Optional Pockets: Cut the pocket piece, cut off one third, and finish the edges of both pieces. The larger pocket piece will become the inside pocket, and the smaller pocket piece will become the outside pocket. Turn and fuse a one-inch hem on one long edge of the larger piece. Top stitch this hem edge. Turn and fuse a one-inch hem on both short edges of the smaller piece as shown in the picture above. Top stitch one hem edge.
Optional Inside Pocket: Lay the wrong side of the large pocket on the wrong side of the bag piece. Place the hemmed edge of the pocket 2.5 inches below and parallel to the top edge of the bag piece, as shown below. Place an adjacent edge of the pocket piece exactly on top of the long edge of the bag piece. Pin the pocket piece to the bag piece. Baste, with contrasting thread, only the inside edge of the pocket piece (away from the outer edge). The contrasting thread will serve as a strap placement line.
Optional Outside Pocket: Place the bag piece right side up and the small pocket piece right side up. At the end opposite the inside pocket, place the hemmed edge of the pocket 2.5 inches below and parallel to the top edge of the bag piece. An outer edge of the small pocket should follow the line of basting created for the inner pocket. The clear ruler at the left of the picture below follows the basting line and the outer pocket is to the right of the upper portion of the ruler. The clear ruler at the top ensures that the top of the small pocket is parallel to the top edge of the bag. Baste the unhemmed edges of the small pocket with contrasting thread to serve as strap placement lines.
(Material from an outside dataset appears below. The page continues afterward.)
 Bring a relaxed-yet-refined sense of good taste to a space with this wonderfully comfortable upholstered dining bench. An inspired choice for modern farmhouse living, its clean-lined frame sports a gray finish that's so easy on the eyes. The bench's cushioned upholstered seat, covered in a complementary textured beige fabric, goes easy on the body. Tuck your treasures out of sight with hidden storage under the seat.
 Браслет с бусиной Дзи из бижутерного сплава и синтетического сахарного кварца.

The following picture has been turned and brightened for illustration purposes. Two rows of basting to the left hold down the exterior pocket, and one row of basting to the right holds the interior pocket in place.
Using the thread selected for this project stitch two rows, about 1/8-inch apart, across the exterior pocket's lower hemmed edge. This is close to the middle of the bag piece.
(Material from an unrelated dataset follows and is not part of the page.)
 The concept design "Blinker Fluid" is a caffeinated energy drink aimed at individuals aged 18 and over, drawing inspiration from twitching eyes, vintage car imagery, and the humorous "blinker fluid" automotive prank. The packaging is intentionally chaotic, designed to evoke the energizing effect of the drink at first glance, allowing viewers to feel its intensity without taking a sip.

No-Pocket Version: On the right side of the bag piece, draw two strap placement lines parallel down the middle, spaced apart approximately 1/3 the Length distance as determined at the beginning.
Continue Making the Bag: Put a pin at the center of the strap piece. Also put a pin at the center of one long edge of the bag piece. Aligning the pin on the strap piece to the pin on the bag piece, lay the strap down centered over the strap placement lines on the right side of the bag piece, forming a continuous circle, turning under the overlapping end. Use a small piece of fusible tape to hold the turned under section of strap to itself. Also fuse the strap to the bag, but not the last 3 inches at the short edges of the bag and not the last 2 inches of the overlapped strap (allows you to stitch down the underlap).
Stitch securely along both edges of the strap, stopping 2.5 inches from the top edge, but do not stitch through the large inside pocket piece, as follows:
First attach the section of strap which concludes beneath the overlapping end, stitching from near the short edge of the bag piece to the end of the strap, across the end, and back up towards the bag piece short edge. When you attach the overlapping strap section, stitch from the bag's opposite short edge, down to and across the fold where the other end of the strap is folded under, and back up to the bag short edge. Attaching the other side of the strap is done simply by stitching along both edges of the strap. Stop all stitching 2.5 inches below the short (top) edges.
Fold the bag in half lengthwise with wrong sides together. Pin both layers together (1/2 Width measurement above) from fold. In this example, the pins are placed 3 inches from the fold.
Fold both layers back from pins with right sides together, forming a pleat as shown below. Stitch through all layers on each side with a half-inch seam.
Fold top edge to wrong side with a one-inch hem and top stitch all around. Make sure you don't stitch through the middle of the inner pocket! Sew straps up to the top edge, but do not stitch through the middle of the inner pocket.